We have decided to divert our energy to a new project that may greatly assist us in designing better clones for the biosensor project. As we investigate the unknown structure of a key protein in our biosensor, we will look specifically at how the protein is situated in different environments. We are currently restarting this project after an issue with the cell disrupter, a machine used to homogenize cells. We will be able to use a sedimentation machine at the University of Utah and are currently looking for a professor to help us crystallize the protein. These results will not only help us in the biosensor project, but will also produce publishable data.

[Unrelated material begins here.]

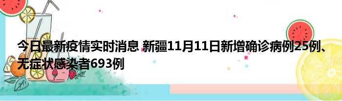 据新疆卫健委,11月11日0时至24时,新疆维吾尔自治区新增确诊病例25例,新增无症状感染者693例,新增确诊病例治愈出院7例,新增无症状感染者解除隔离医学观察120例
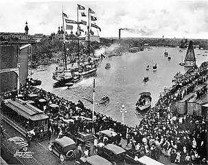 The Burgert Brothers were early photographers, most prominently known for documenting the growth of Tampa, Florida. Their photos span the late 1800s until the early 1960s.[1] They depict times of war, natural disasters such as the 1921 Tampa Bay hurricane, economic booms, economic busts, transportation, building projects, bungalows, African American life, cigar factories, sponge docks, strawberry fields, mercantile businesses, banks, and service stations. They also feature Florida leisure activities at parks and beaches including golf, shuffleboard, checkers, and tennis. Thanks to the prolific Burgert Brothers local events and traditions like the Gasparilla Pirate Festival and Florida State Fair have been well-documented.[2]

I expect to continue work on these projects during the 2011 winter semester. I hope that during this time we will be able to better understand the structure of the protein. This knowledge will help us design and construct the biosensor. Upon completion of the research we hope to publish both the structural findings of the protein as well as the details of the biosensor project. We remain set on providing researchers with a method for real-time, in vivo measurement of NAD levels.

I have greatly enjoyed being able to work on the NAD biosensor project, and I thank ORCA for the generous grant that continues to help me dedicate time to lab work. I would also like to thank my mentor, Dr. Julianne Grose, for her patience with me while I navigate the learning curve of research. I recognize the unique opportunity I have to work so closely with a professor as an undergraduate and am grateful for the time and energy she places in these projects. This research has helped me both academically as I apply material learned in my science classes, and spiritually as I learn more about the complexities of creation.

Sources

  • Grose JH, Bergthorsson U, Roth JR. Regulation of NAD synthesis by the trifunctional
    NadR protein of Salmonella enterica. J Bacteriol. 2005 Apr;187(8):2774-82.
  • Lundquist R, Olivera BM. Pyridine nucleotide metabolism in Escherichia coli. Exponential growth. J Biol Chem. 1971 Feb 25;246(4):1107.
  • Magni G, Orsomando G, Raffelli N, Ruggieri S. Enzymology of mammalian NAD metabolism in health and disease. Front Biosci. 2008 May 1;13:6135-54.